Cathy Sweeney January 23, 2019 at 4:55 pm

The crabcakes Benjamin look pretty amazing! I guess I wouldn’t go hungry in Bucks County, PA. I don’t have any problems taking leftovers home either — in the few instances where I actually leave food on my plate! 🙂


Rose Palmer January 23, 2019 at 9:48 pm

Thanks for sharing. I’ll travel half way around the world but wont drive an hour and a half to see great sights close to home.


Suzanne Fluhr January 24, 2019 at 1:41 pm

LOL. I suspect you’re in good company. I wonder how many Philadelphians haven’t visited Independence Hall and the Liberty Bell?


Lyn aka The Travelling Lindfields January 26, 2019 at 5:30 am

I will tuck this post away for our next visit to Bucks County. It is one of our favourite places in the U.S.

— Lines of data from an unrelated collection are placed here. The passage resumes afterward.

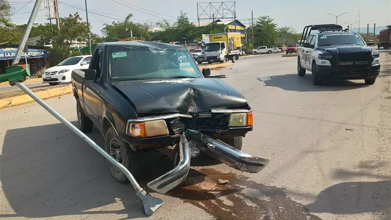 CIUDAD VALLES.– Un conductor resultó lesionado luego de perder el control de su camioneta y derribar una luminaria en el bulevar Lázaro Cárdenas, tras intentar evitar un choque con otra unidad.
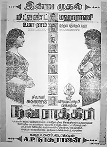 Navarathri (transl. Nine nights) is a 1964 Indian Tamil-language drama film written, produced and directed by A. P. Nagarajan. The film stars Sivaji Ganesan and Savithri. It was the 100th film of Ganesan and is well known for his nine distinct roles.[1] It was remade in Telugu in 1966 as Navaratri and in Hindi in 1974 as Naya Din Nai Raat. The film become a superhit at the box-office, with theatrical run of 100 days.[2][3]
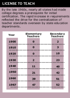 By the early 1900s, states had begun to assert significant control over teaching. The local practices of the 19th century--in which school districts issued teaching permits on the basis of examinations--gave way to a system that closely entwined licensure and teacher education.
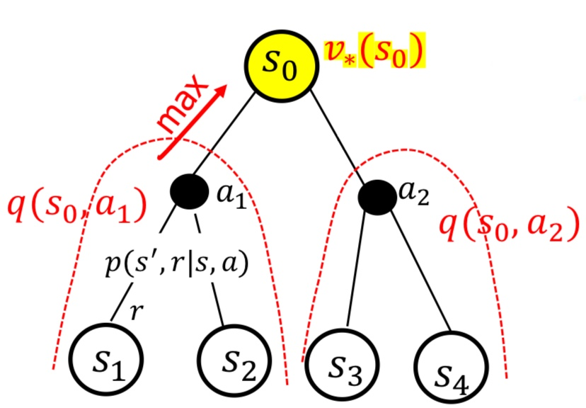 $$v_*(s) = \underset{a}{max} \sum_{s',r}^{}p(s',r|s,a)[r+\gamma v_*(s')]$$
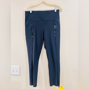 Sleek black high-waisted leggings featuring zipper pockets. Perfect for workouts or casual wear. Excellent condition
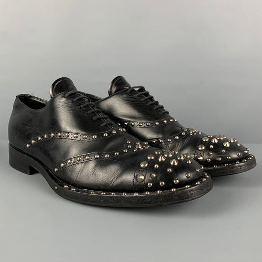 PRADA Size 9 Black Leather Studded Cap Toe Shoes
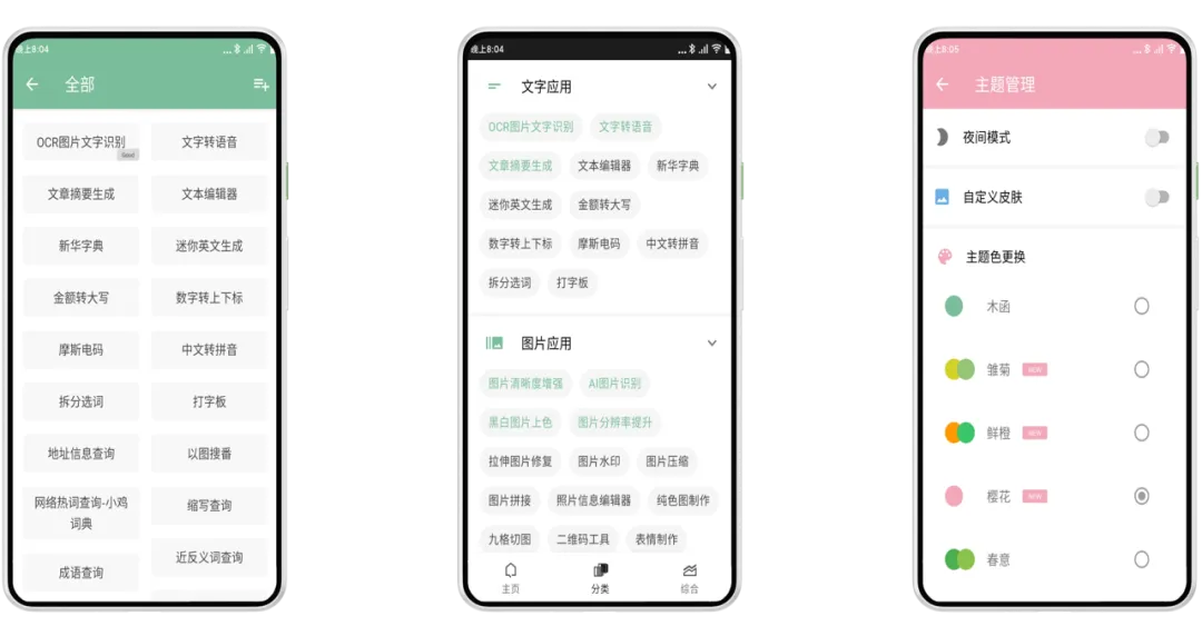 包含的功能都是些小众且直接痛点的功能,比如OCR文字识别、图片压缩、九宫格切图、以图搜图、时间屏幕
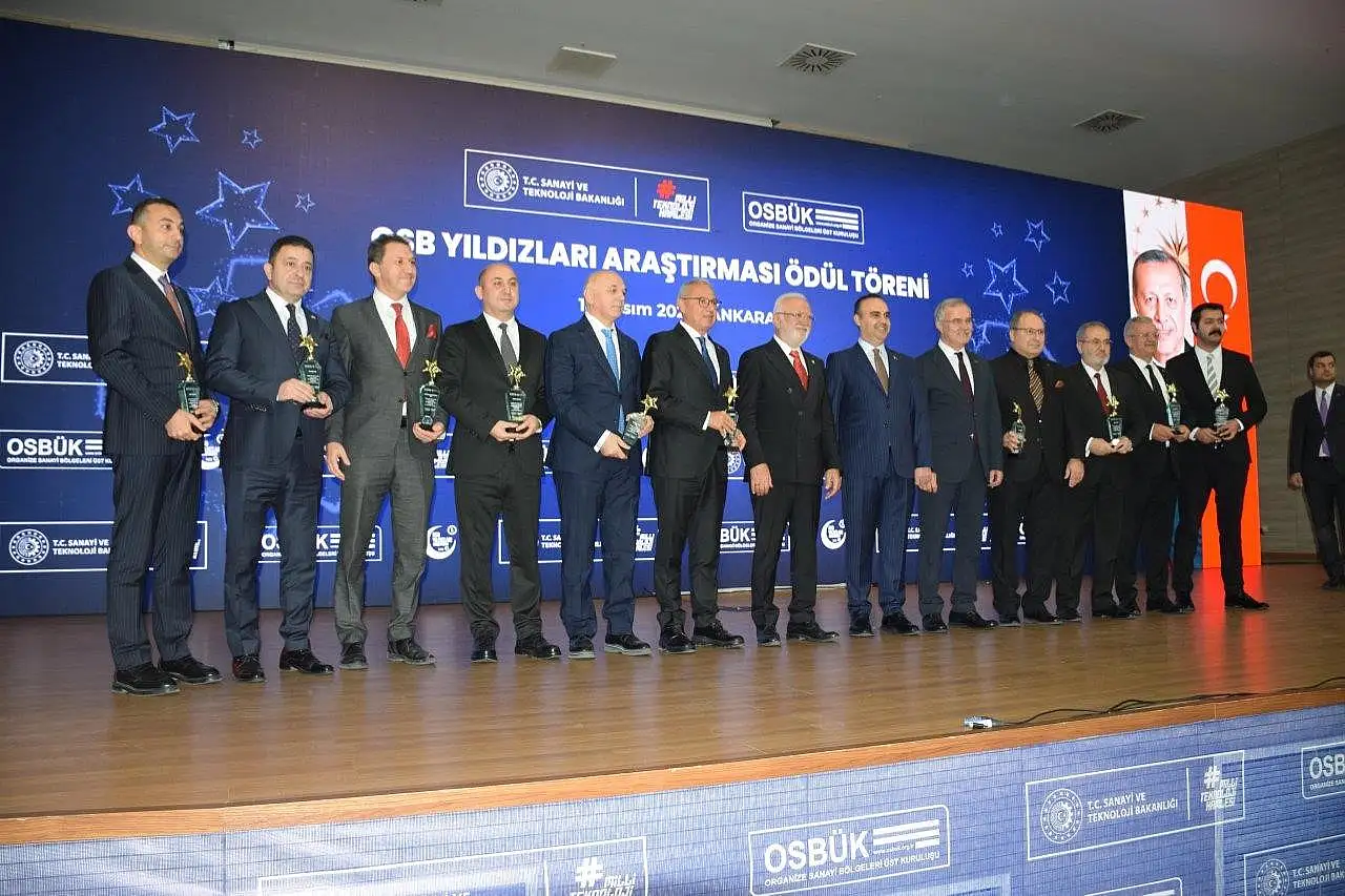 Organize Sanayi Bölgeleri Üst Kuruluşu (OSBÜK) tarafından bu yıl beşincisi düzenlenen, 2025 OSB Yıldızları Araştırması ödül töreni Ankara’da düzenlendi. Kayseri OSB Başkanı Mehmet Yalçın, Yönetim Kurulu Üyesi Kamil Çeken ve Denetim Kurulu Üyesi Mustafa Gengeç, Sanayi ve Teknoloji Bakanı Mehmet Fatih Kacır, AK Parti Genel Başkan Vekili Mustafa Elitaş, OSBÜK Başkanı Memiş Kütükcü ve davetlilerin yer aldığı törene katıldı.

alison abbott January 28, 2019 at 10:51 am

My parents had friends from New Hope that we used to visit in Bucks County when I was growing up. I have fond memories, but haven’t been there since. I’d love to take a road trip back there and will tuck away your recommendations for sure. Thanks.


Kathy@DavesTravelCorner February 24, 2019 at 3:18 am

I prefer to eat at the restaurants who was built like since 1900’s. I just don’t know, but my tongue has a taste for the food served by them. Surely, this Hattery Stove and Still will be on my list when I visit PA.